10,000 years ago: As the last Ice Age ends, the glaciers retreat, revealing BC and Alberta’s wild and vertically spectacular mountains.
1811: First Bigfoot sighting is made, near Jasper, Alberta.
1916: Nels Nelsen breaks the world ski-jumping record by jumping 183 feet at Revelstoke, BC.
1968: Legendary Austrian guide and CMH founder Hans Gmoser introduces heli-skiing to the world with the opening of CMH’s Bugaboo Lodge.
1971–72: Revelstoke sets the Canadian record for single snowiest winter since data collecting began—over 80 feet.
1973: Alan Drury starts the world’s first cat-ski operation, Selkirk Wilderness Skiing.
1980: Blackcomb opens, igniting an intermountain rivalry with Whistler.

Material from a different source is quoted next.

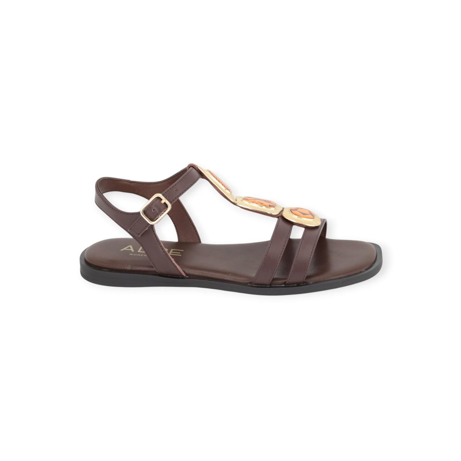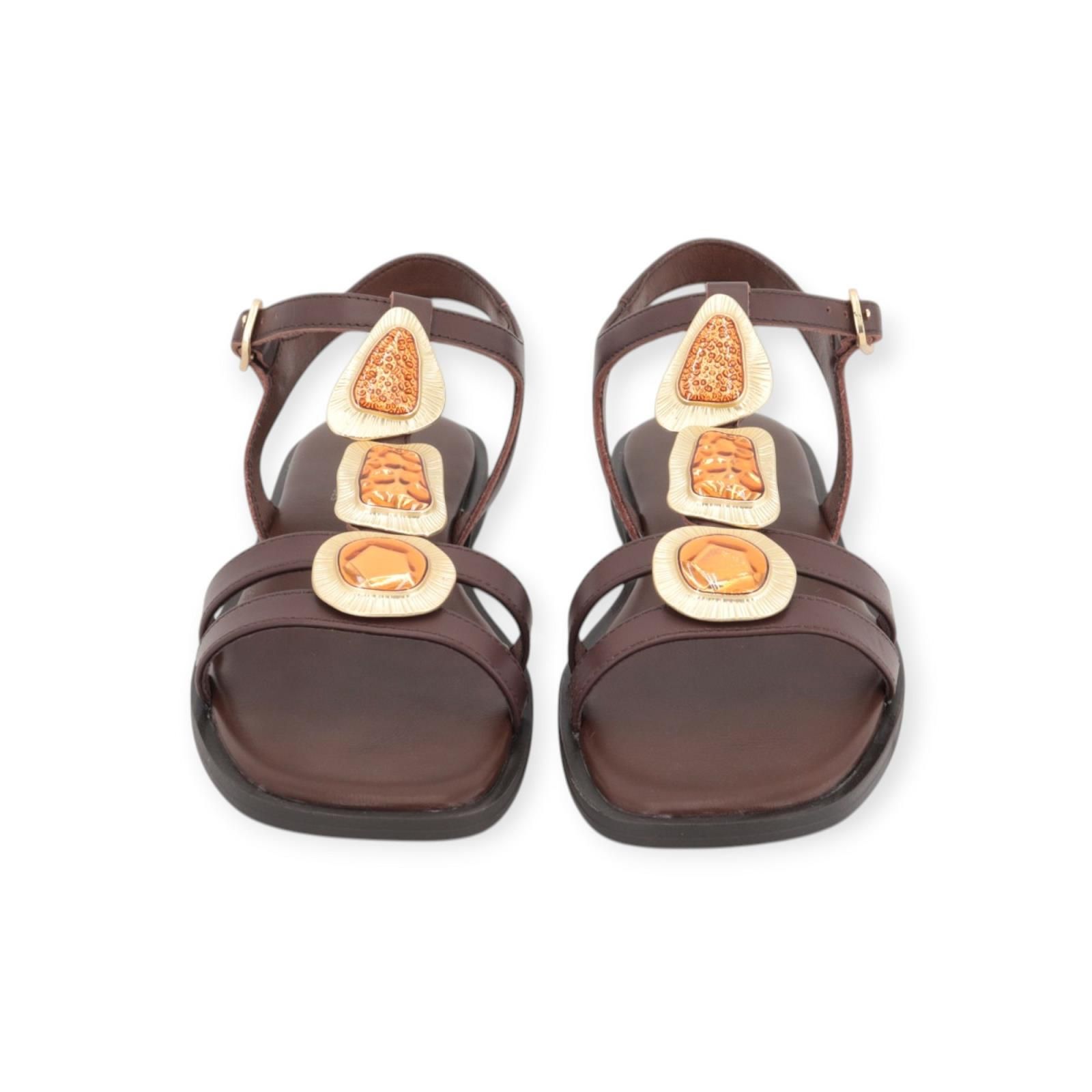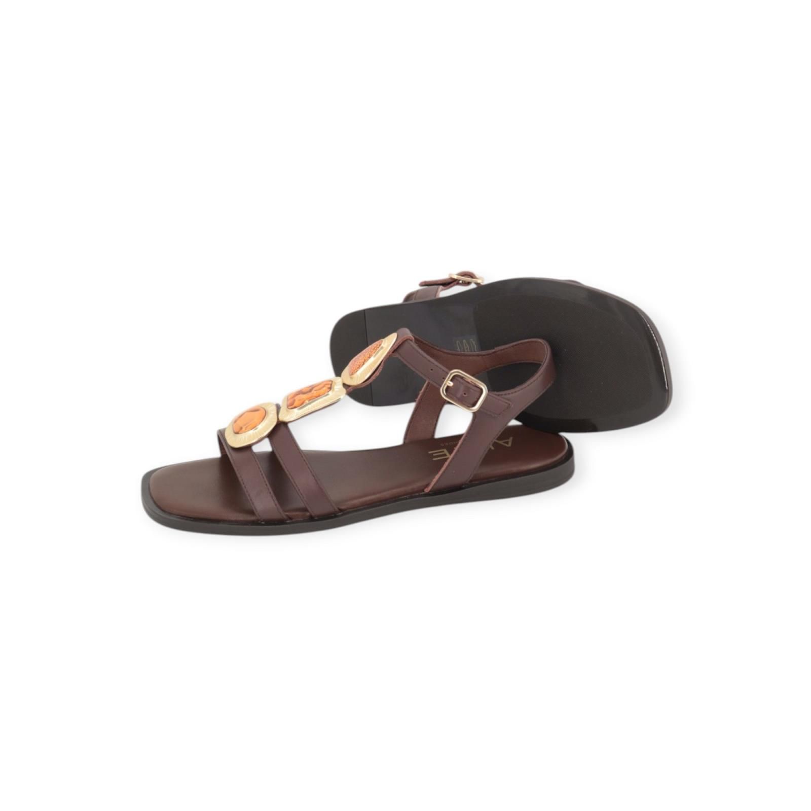 Sandaal 5594 van ALPE voor dames. Deze sandaal is in bruin leer in T-vorm. Is mooi afgewerkt met gouden studs en oranje stenen. Heeft een bandje rond de enkel met een gouden gespsluiting. Heeft een lichte carré top met een donkere antislipzool.

Seventeen years later they will join forces.
1989: Rob Boyd becomes the first Canadian male to win a World Cup downhill on Canadian soil, at Whistler, his home hill.
Late 1990s: New Canadian Air Force members Mike Douglas, JP Auclair, and JF Cusson start the freeskiing revolution. No biggie.
2010: Vancouver and Whistler host the Olympic Winter Games, which see more American medals than ever before.